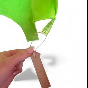 SKIMS ESSENTIAL LONG SLEEVE SCOOP NECK BODYSUIT | NEON GREEN / XXS/XS
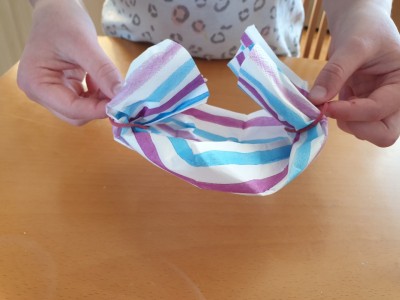 ![]() Papirnat prtiček razprite enkrat in na eni strani naredite zavihek kot sem ga jaz. |
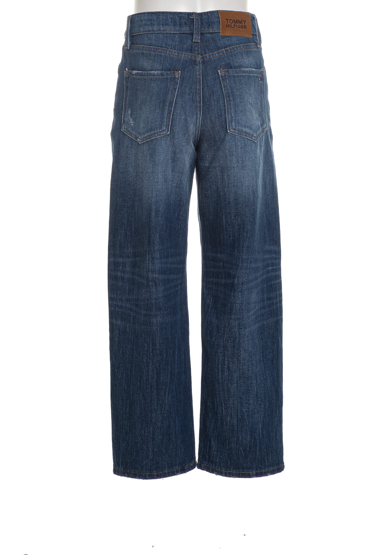 Jeans Tommy Hilfiger Baggy Destructions da bambina in denim di cotone stretch sottoposto a trattamento per un aspetto used, modello cinque tasche baggy fit, con strappi cuciti e cimosa a vista, chiusura zip e vita regolabile
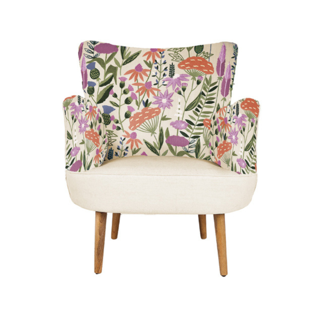This distinguished armchair showcases exquisite hand-embroidered wildflower detailing rendered in a sophisticated autumn palette of coral and lavender. The ergonomic design features a deep, supportive seat and generously proportioned armrests, delivering both comfort and elegance.
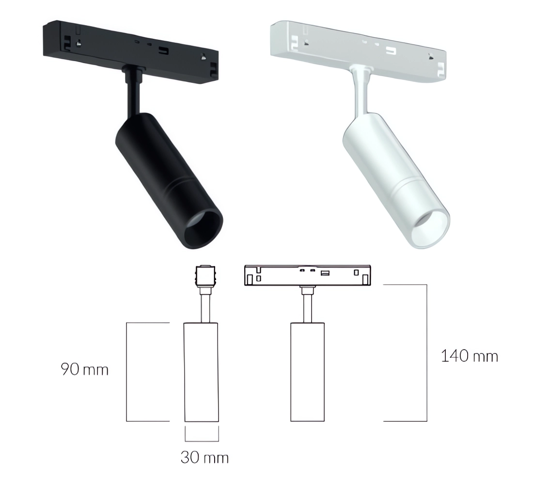 - Enkel och Flexibel Installation: Den magnetiska designen gör att spotten snabbt och säkert kan fästas på en kompatibel magnetskena, vilket underlättar installationen utan krångel.

-- -- --

ABOUT THIS TASK
Set down only the lines from the one with "sem ga jaz. |" through the end of the entries, exactly as they appear, leaving out each picture.

OUTPUT
 ![]() Papirnat prtiček razprite enkrat in na eni strani naredite zavihek kot sem ga jaz. |
 Jeans Tommy Hilfiger Baggy Destructions da bambina in denim di cotone stretch sottoposto a trattamento per un aspetto used, modello cinque tasche baggy fit, con strappi cuciti e cimosa a vista, chiusura zip e vita regolabile
This distinguished armchair showcases exquisite hand-embroidered wildflower detailing rendered in a sophisticated autumn palette of coral and lavender. The ergonomic design features a deep, supportive seat and generously proportioned armrests, delivering both comfort and elegance.
 - Enkel och Flexibel Installation: Den magnetiska designen gör att spotten snabbt och säkert kan fästas på en kompatibel magnetskena, vilket underlättar installationen utan krångel.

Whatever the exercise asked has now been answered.